Using the data below, print exactly the line with "Cette application permet", the line with "[다잇템_패션]여성 어깨견장 버튼 베이직 주머니 남방 자켓", and every line between them, but none of the pictures.

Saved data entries
******
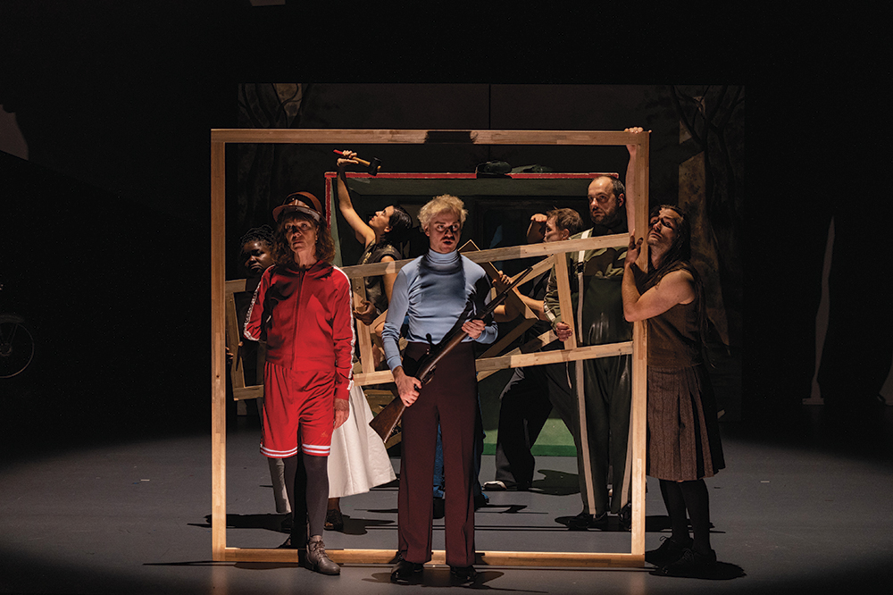 Au milieu d’un atelier de peintre, clin d’œil à sa seconde passion, dix comédien·nes et deux musicien·nes nous entraînent en exploration, échangeant contrepèteries et calembours, taquinant la grammaire, détricotant les anglicismes. Autant de jeux de mots qui interrogent la langue, ce qu’elle produit en nous et ce que nous en faisons.
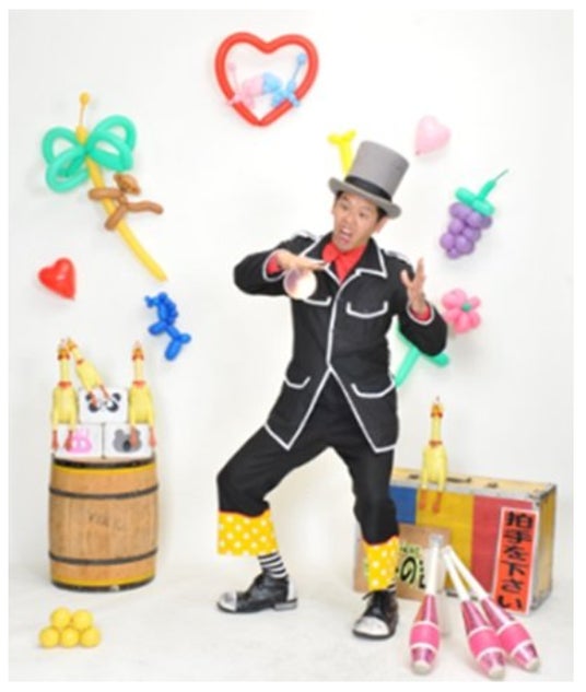 愛媛を拠点に活動中の みの吉 による、笑顔あふれる ドタバタジャグリングショーを披露していただきます。笑顔がチャーミングなお茶目なみの吉は、ほのぼのとした見た目とはうらはらに、一瞬一瞬の演技で大人も子どもも笑顔いっぱい!さまざまな道具を使った、ドキドキ・ワクワクの楽しいショータイムです。
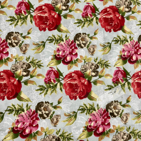 100% pamutvászon méteráru. 140 cm széles. Legkisebb rendelési mennyiség 1 méter. 140 cm széles, pamutvászon anyag. Összetétel: 100% pamut. Festett, illetve rajzolt rózsák, virágok szürkészöld alapon. Felhasználás: szoba, ágynemű, dekorfüggöny, falvéd
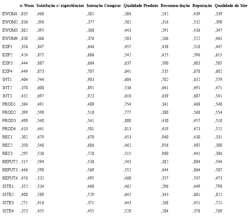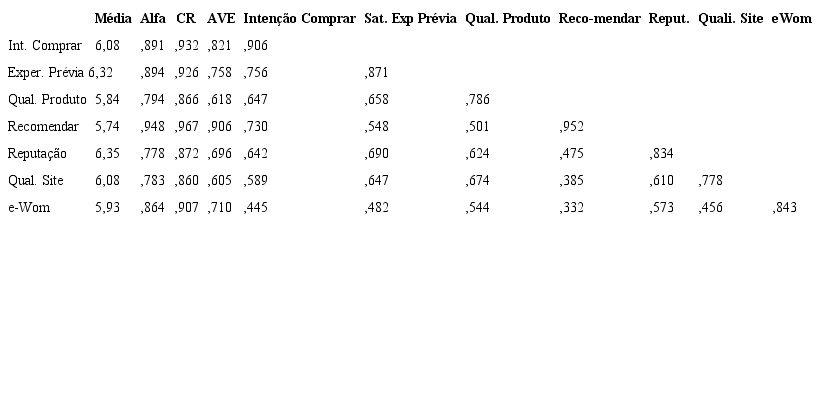 Com base nessa metodologia, os dados são analisados e interpretados em duas etapas: (1) a avaliação do modelo de mensuração e (2) a avaliação do modelo estrutural. Para se avaliar o modelo de mensuração, foram verificadas as validades discriminante e convergente do modelo através da análise fatorial confirmatória (AFC) (Tabela 1). A validade discriminante é estabelecida quando um indicador apresenta a carga fatorial em seu construto original maior do que todas as suas cargas cruzadas com outros construtos. Espera-se que as cargas fatoriais atinjam um mínimo de 0,70 no seu respectivo fator, e cargas mais baixas nos demais fatores. Para isso, foram avaliadas as cargas fatoriais de todos os construtos do modelo, o qual sugeriu a eliminação de um item, presente no construto Reputação por não atender este critério. Gerou-se novamente o algoritmo PLS, e a solução confirmou todos os itens apresentando elevadas cargas fatoriais (superiores ou iguais a 0,70, conforme sugere a literatura), sendo estatisticamente significativas ao nível de 5%, nos seus respectivos constructos (indicando confiabilidade dos itens).
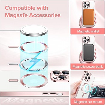 Tento luxusní křišťálový kryt se pyšní průhledným zadním panelem, který nechává vyniknout originální design vašeho iPhonu 12 Pro. Okraje krytu a precizní rámeček kolem fotoaparátu jsou vyvedeny v elegantním růžovém metalickém odstínu, který dodává celku sofistikovaný a moderní vzhled. Integrovaná technologie MagSafe je zvýrazněna kruhovým prvkem a zarovnávacím magnetem ve stejném růžovém metalickém provedení, což zajišťuje perfektní kompatibilitu s MagSafe příslušenstvím a bezdrátovým nabíjením. Díky kombinaci odolných materiálů a precizního zpracování poskytuje kryt spolehlivou ochranu proti pádům, poškrábání a každodennímu opotřebení, aniž by přidával zbytečný objem.
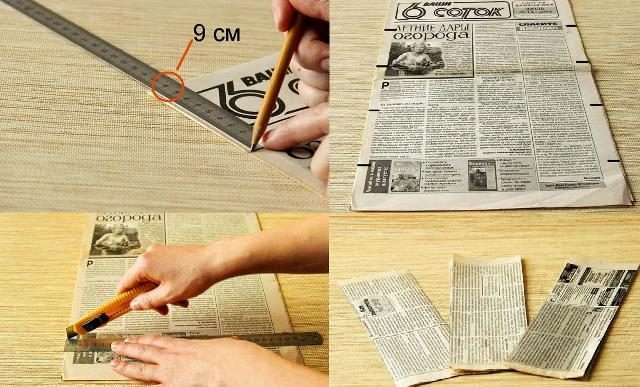Возьмите газету и с помощью линейки разделите её на продольные полосы. Ширина полосок – 9 см каждая.
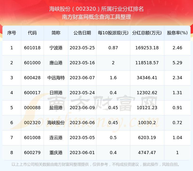 按照南方財富網(wǎng)趨勢選股系統(tǒng)統(tǒng)計,海峽股份所屬行業(yè)為航運(yùn)港口行業(yè),航運(yùn)港口行業(yè)分紅排名情況如下表:
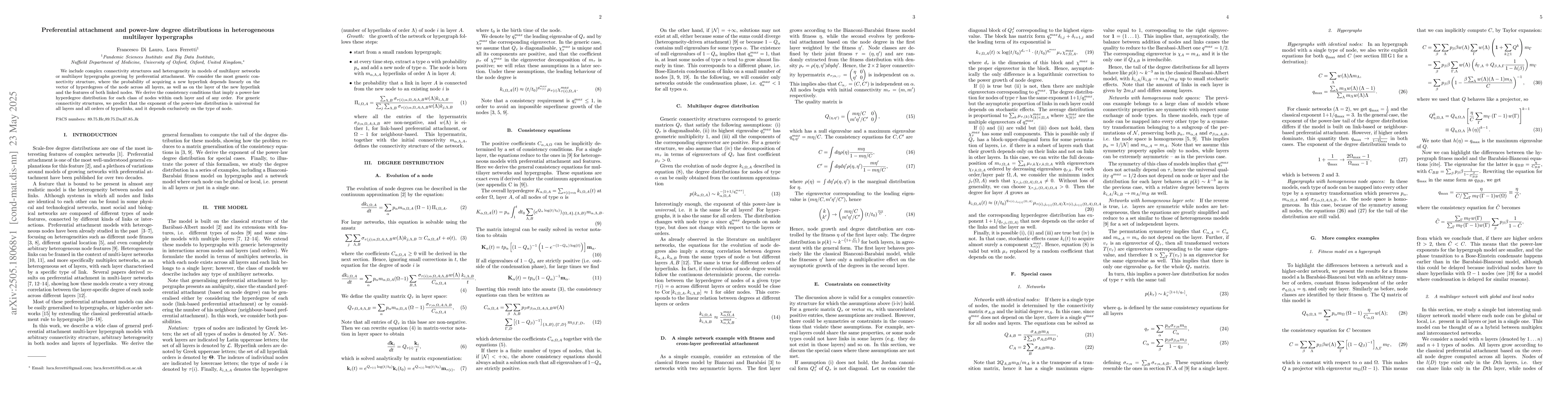 The paper presents a theoretical framework for predicting power-law degree distributions in heterogeneous multilayer hypergraphs under preferential attachment, providing consistency conditions and universality predictions.
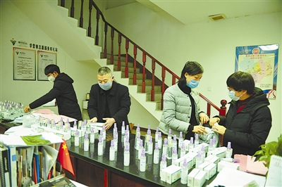 本报讯 毛朝阳、姚磊、毛彩霞摄影报道 2月18日晚上,衢州市总工会职工服务中心大厅里灯火通明。市总工会党组书记、常务副主席徐雄强,副主席宁晓明正在组织机关干部加班打包“暖心礼包”。这批“暖心礼包”将以最快速度递送到该市奋战在抗疫一线的医务人员及其家属手中。
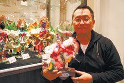 他從8歲就開(kāi)始學(xué)習(xí)紙藝,一度還去參加八家將的演出,越演越有心得,且更能揣摩八家將的造型跟神韻,就以細(xì)膩的觀察力跟工法,將八家將融入到紙藝?yán)镱^。
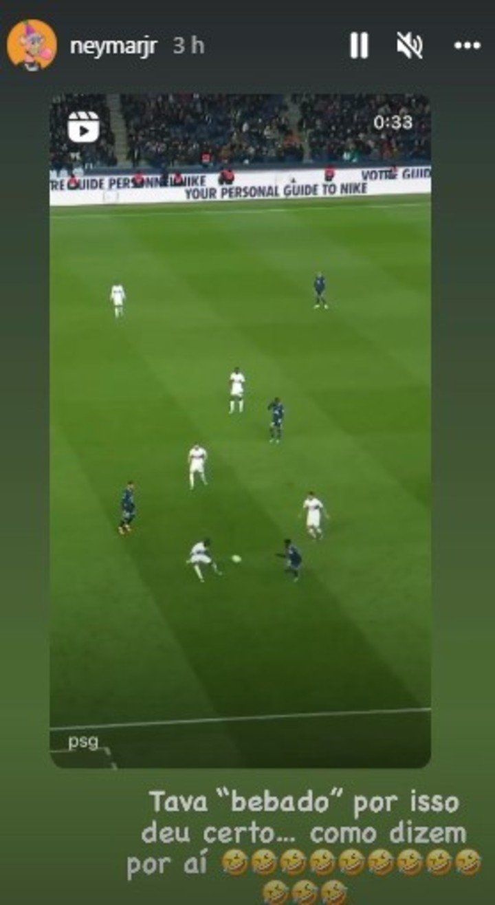 El astro brasilero subió a sus historias de Instagram el video de uno de los goles que hizo el fin de semana y escribió: “Estaba borracho, por eso funcionó... como dicen por ahí”.
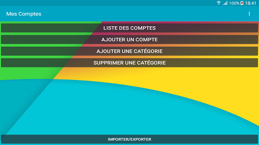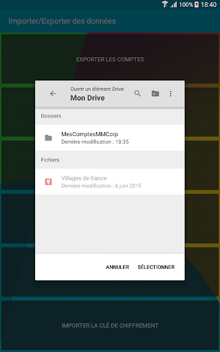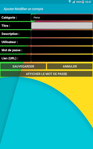 Cette application permet de sauvegarder ses différents comptes (identifiants, mots de passe, description, URL) sur Google Drive.
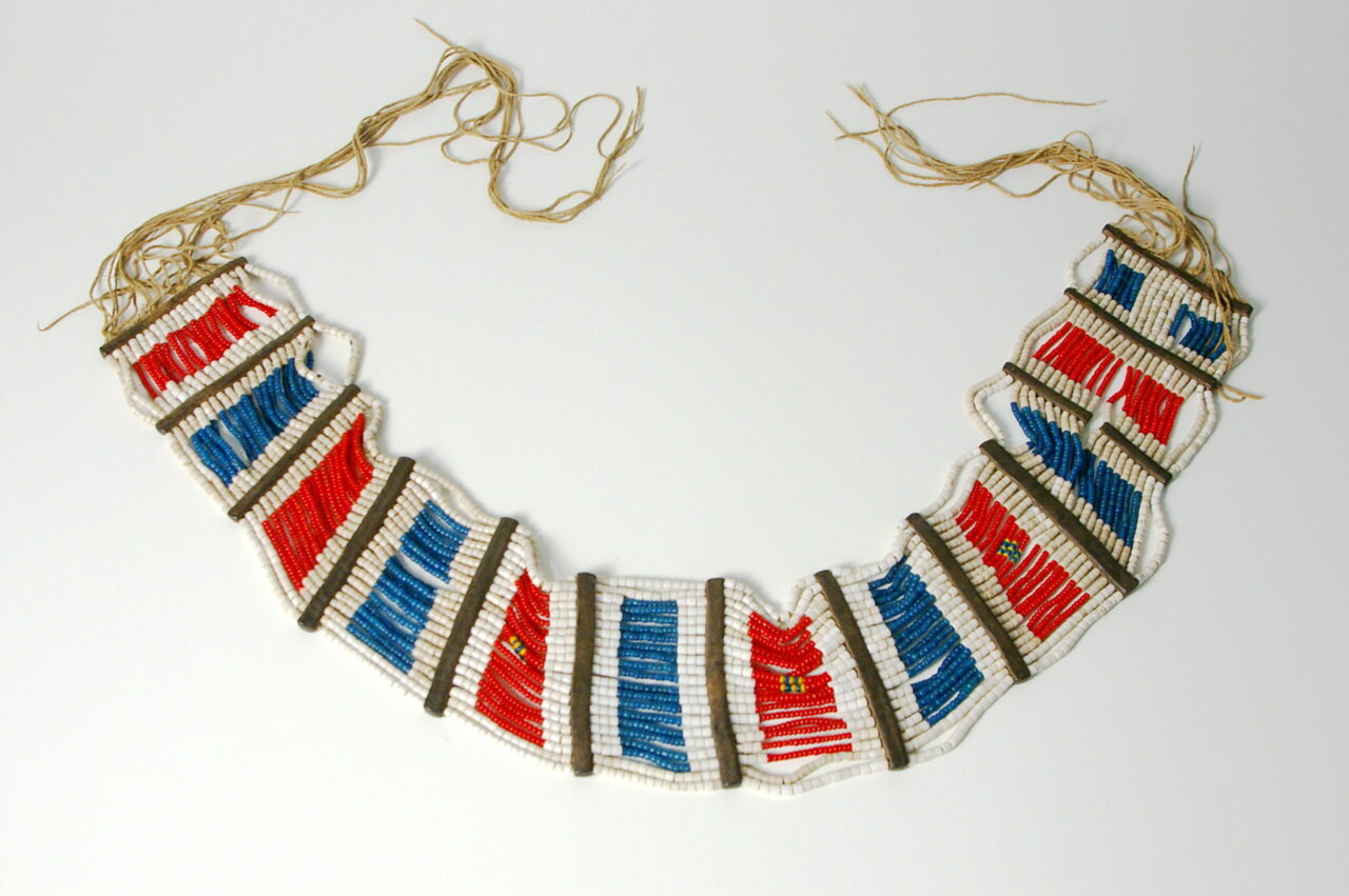 Cintos, Vestuário AL_TZ_VES_04 DescriçãoCinto de miçangas e metal com fios de fibra vegetal.Medidascomp. 81 x larg. 12 cmRegião/PaísÁfrica do Leste | TanzâniaGrupo CulturalWanyaturuUso/FunçãoCintos | Vestuário Compartilhar Item anteriorAL_TZ_VES_03 Próximo itemAL_UG_ADN_01
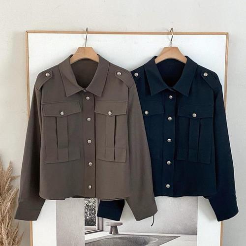 [다잇템_패션]여성 어깨견장 버튼 베이직 주머니 남방 자켓
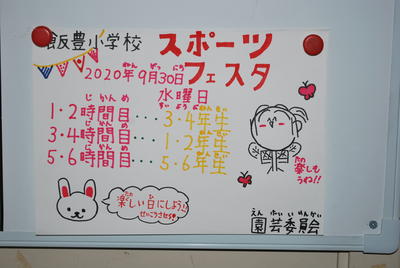 来週9月30日(水)は、飯豊スポーツフェスタが開催されます。校庭では、力強い綱引きの姿や夢中になってかごにお手玉を入れる姿が見られています。いよいよ迫ってきたなぁという感じがします。6年生は応援団が決まり校庭では、応援練習が始まりました。力強い応援期待しています。
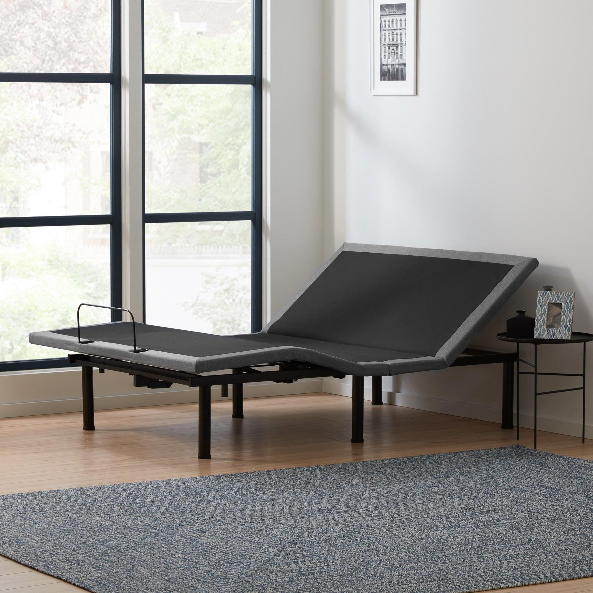 - Adjustable bed base with independent head incline (0-60 degrees) and foot incline (0-45 degrees)
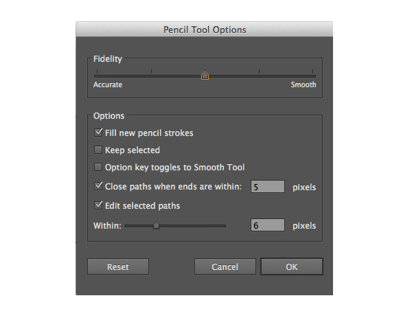 您可以通过在“ 工具” 面板中双击“ 铅笔工具”(N)来打开“ 选项”窗口。在这里,您可以更改“ 保真度”, 如果希望线条更详细并包含
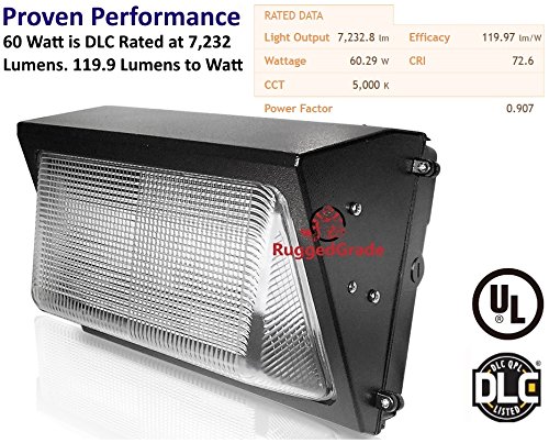BRIGHT LIGHT – The 60 watt is rates at 7,232 by DLC. 7,232 Lumens can replace a 400-500W HPS/HID/HALIDE light. 5000K light color ensures a bright clear light. Over 100 degree angle creates a wide light distribution.
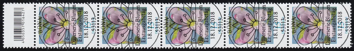 3424 Mousse de prés 15 cents, bande de 5 bandes avec champ de code, ESSt Bonn 18.12.18
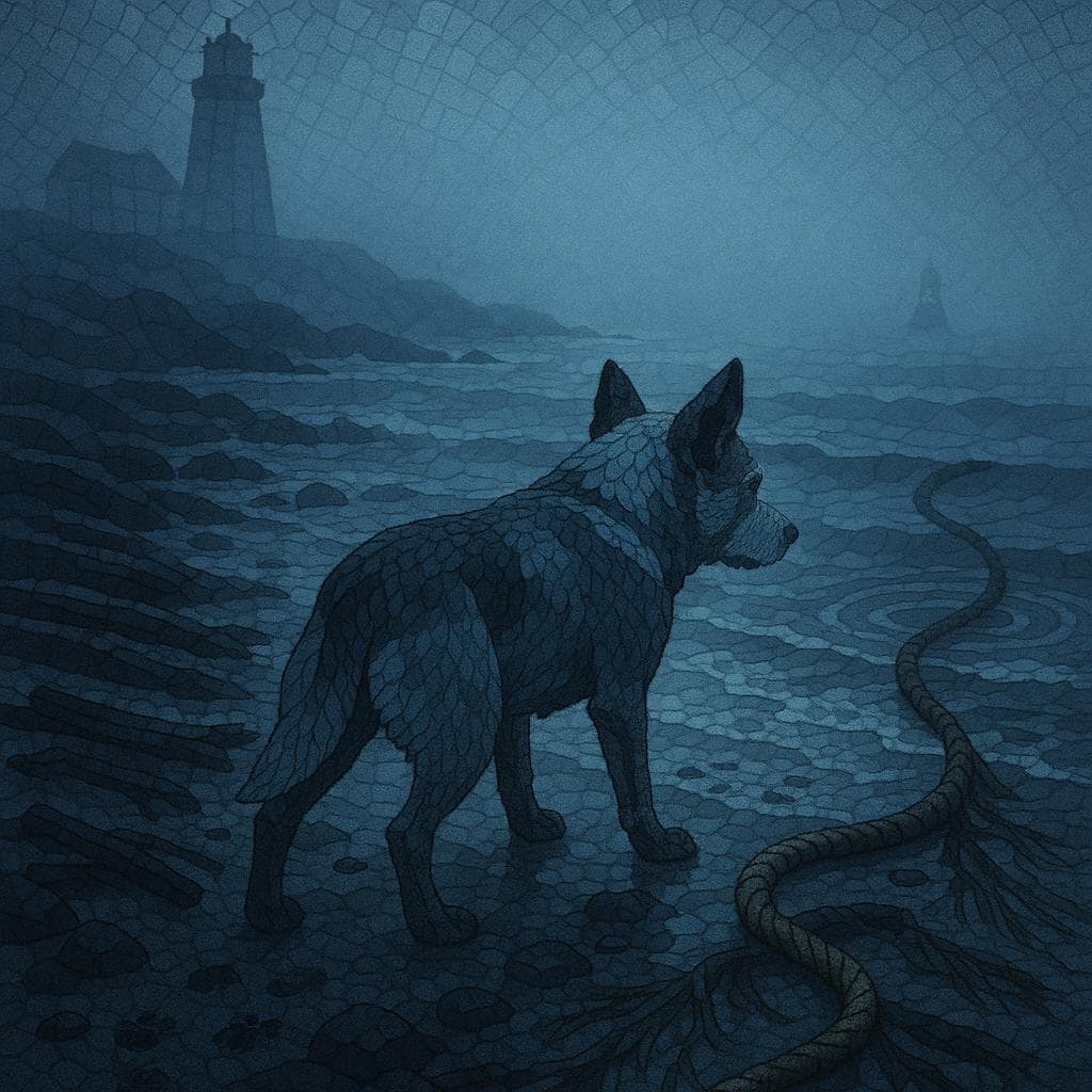Night fog pressed inland as Faro, a fourteen year old Australian Stumpy Tail Cattle Dog, paced the empty shore. Salt and tar snagged his nose; the tide whispered secrets he almost remembered. The lighthouse stood dark, a black tooth. He paused, ears flicking at a faint bell no human would hear, coming from beyond the reef. Old bones ached, but the pull was older. He traced the scent ribbon to a half buried rope coiled like a snake, wet and shivering. Something tugged back. The fog throbbed. Faro growled, digging in. Rope tightened, and a pale hand broke the surface.
******
Response below:
 Cette application permet de sauvegarder ses différents comptes (identifiants, mots de passe, description, URL) sur Google Drive.
 Cintos, Vestuário AL_TZ_VES_04 DescriçãoCinto de miçangas e metal com fios de fibra vegetal.Medidascomp. 81 x larg. 12 cmRegião/PaísÁfrica do Leste | TanzâniaGrupo CulturalWanyaturuUso/FunçãoCintos | Vestuário Compartilhar Item anteriorAL_TZ_VES_03 Próximo itemAL_UG_ADN_01
 [다잇템_패션]여성 어깨견장 버튼 베이직 주머니 남방 자켓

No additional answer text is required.